Given records:
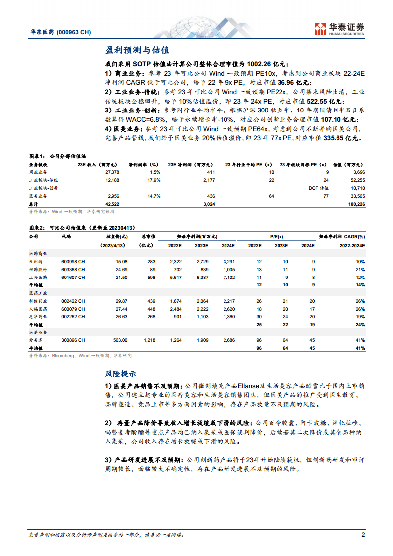 华泰研究采用分部估值法(SOTP)对华东医药进行估值,计算得出公司整体合理市值为1002.26亿元。这种方法能够更准确地反映公司多元化业务的内在价值,避免了单一估值方法可能带来的偏差。
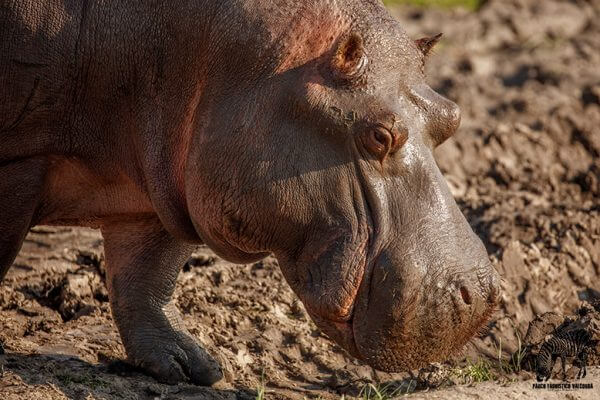 • Ippopotamo. È uno degli animali più aggressivi per via della forte territorialità. Durante il giorno rimane sulla superfice dell’acqua e può tenere il respiro fino a 7 minuti. Di notte di sposta sulla terra ferma per mangiare. In una sola notte è in grado di divorare fino a 40 chili di erba.
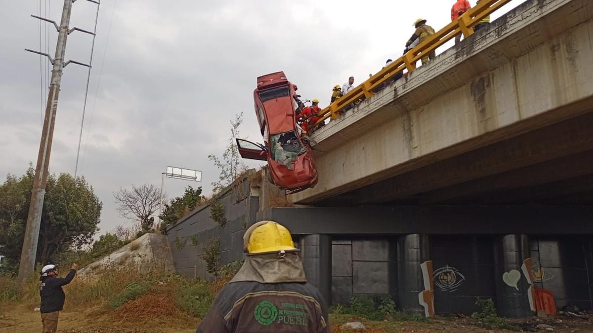 La tarde de este lunes ocurrió un fuerte accidente que provocó la volcadura de un auto, que estuvo a punto de caer del puente del Periférico Ecológico de Puebla. Elementos de Protección Civil acudieron de inmediato para el rescate y extracción de una familia que quedó atrapada al interior de la unidad, sostenida por la valla de contención metálica Lamentablemente se confirmó que una persona al interior ya no tendría signos vitales. Hasta el momento se desconocen las causas del accidente
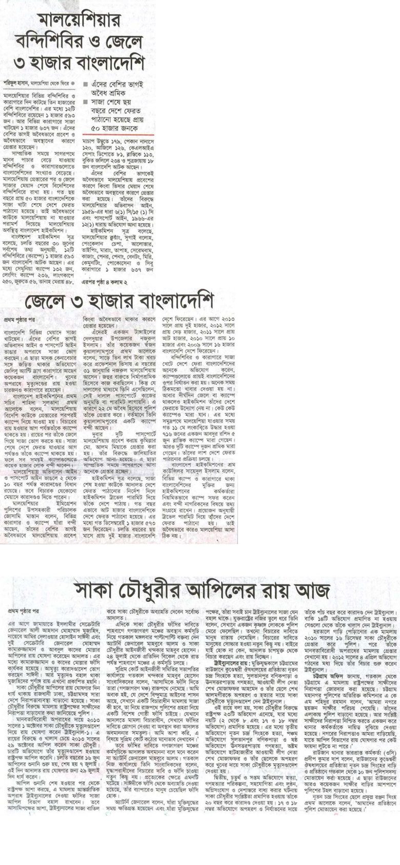 হাইকমিশন সূত্র বলেছে, মালয়েশিয়ার ক্লুয়াং, সুগাই বলোহ, পেংকেলান চেপা, আলোস্তার, তাইপিং, মারাং, তাপাহ, সেরেমবাম, কাজাং, পেনর, পেনাং, বেনটং, মিরি, কেমুনটিং, পোকোসেনা ও সিবু কারাগারে ১ হাজার ৬৩৭ জন বাংলাদেশি বিভিন্ন মেয়াদে সাজা খাটছেন। এঁদের বেশির ভাগই অভিবাসন আইন ও পাসপোর্ট আইন ভাঙার অপরাধে সাজা ভোগ করছেন। এ ছাড়া মাদক কেনাবেচার সঙ্গে জড়িত থাকার অভিযোগে জেলিবু অ্যান্টি ড্রাগ কারাগারে আছেন কয়েকজন বাংলাদেশি। খুনের অপরাধে মৃত্যুদণ্ডের রায় হওয়া চারজনও কারাগারে রয়েছেন।
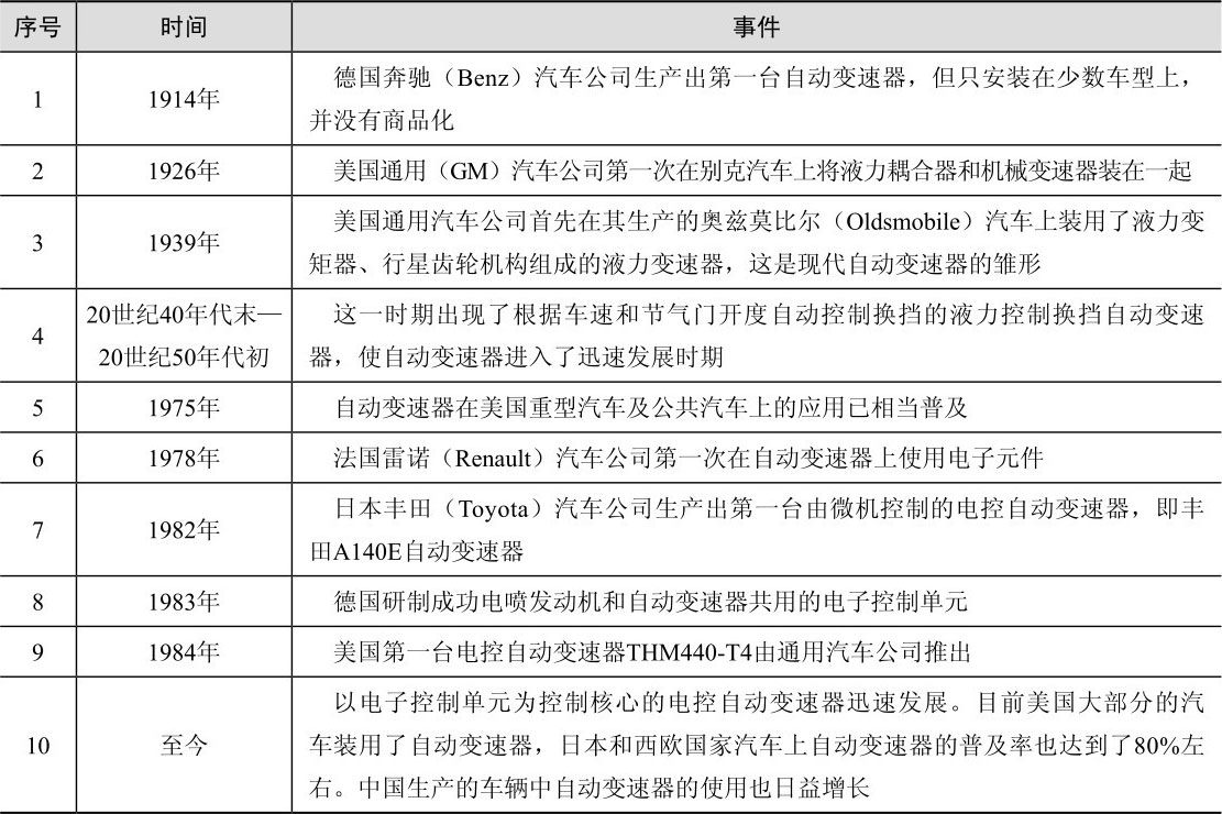 一汽-大众汽车有限公司1998年底在国内首次推出批量生产的装用电控自动变速器的汽车——捷达AT,该车采用德国大众(VW)原厂生产的第三代95型01M电控4挡自动变速器。神龙汽车公司也于1999年初推出了装备4挡电控自动变速器的富康988汽车,这种自动变速器由法国的雪铁龙公司和雷诺公司共同研制,在意大利生产,1998年6月开始应用。上海通用汽车公司的4T65E自动变速器是通用汽车公司1994年正式投产的。目前我国汽车和豪华大客车装用电控自动变速器已呈普及之势。国产汽车普遍装用自动变速器的时代已经到来,国产汽车装用自动变速器的车型与型号如表1-3所示。
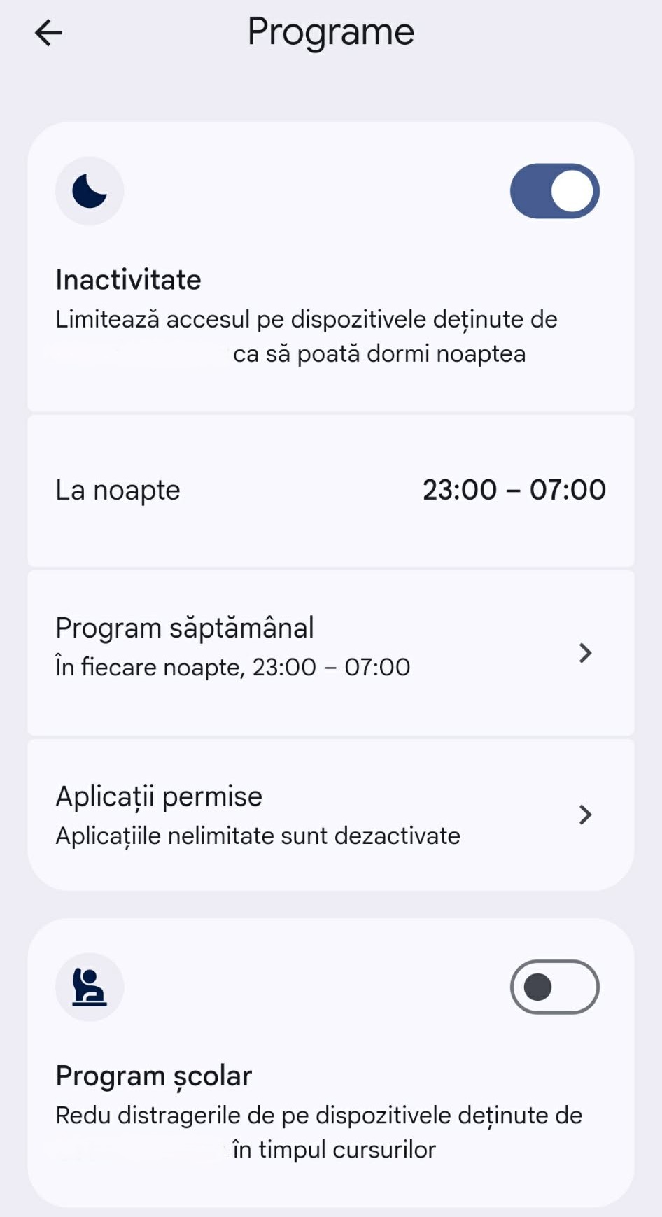 - Program de culcare (puteţi selecta un intervalul orar în care smartphone-ul / tableta să se blocheze automat. Aici puteţi permite ca unele aplicaţii să poată fi accesate în intervalul setat de inactivitate sau chiar bloca parţial sau total activitatea device-ului în timpul programului şcolar);

Activity: What you output must be exactly the lines from the line with "一汽-大众汽车有限公司199" through the last line of the listing, pictures excluded.

Finished exercise:
 一汽-大众汽车有限公司1998年底在国内首次推出批量生产的装用电控自动变速器的汽车——捷达AT,该车采用德国大众(VW)原厂生产的第三代95型01M电控4挡自动变速器。神龙汽车公司也于1999年初推出了装备4挡电控自动变速器的富康988汽车,这种自动变速器由法国的雪铁龙公司和雷诺公司共同研制,在意大利生产,1998年6月开始应用。上海通用汽车公司的4T65E自动变速器是通用汽车公司1994年正式投产的。目前我国汽车和豪华大客车装用电控自动变速器已呈普及之势。国产汽车普遍装用自动变速器的时代已经到来,国产汽车装用自动变速器的车型与型号如表1-3所示。
 - Program de culcare (puteţi selecta un intervalul orar în care smartphone-ul / tableta să se blocheze automat. Aici puteţi permite ca unele aplicaţii să poată fi accesate în intervalul setat de inactivitate sau chiar bloca parţial sau total activitatea device-ului în timpul programului şcolar);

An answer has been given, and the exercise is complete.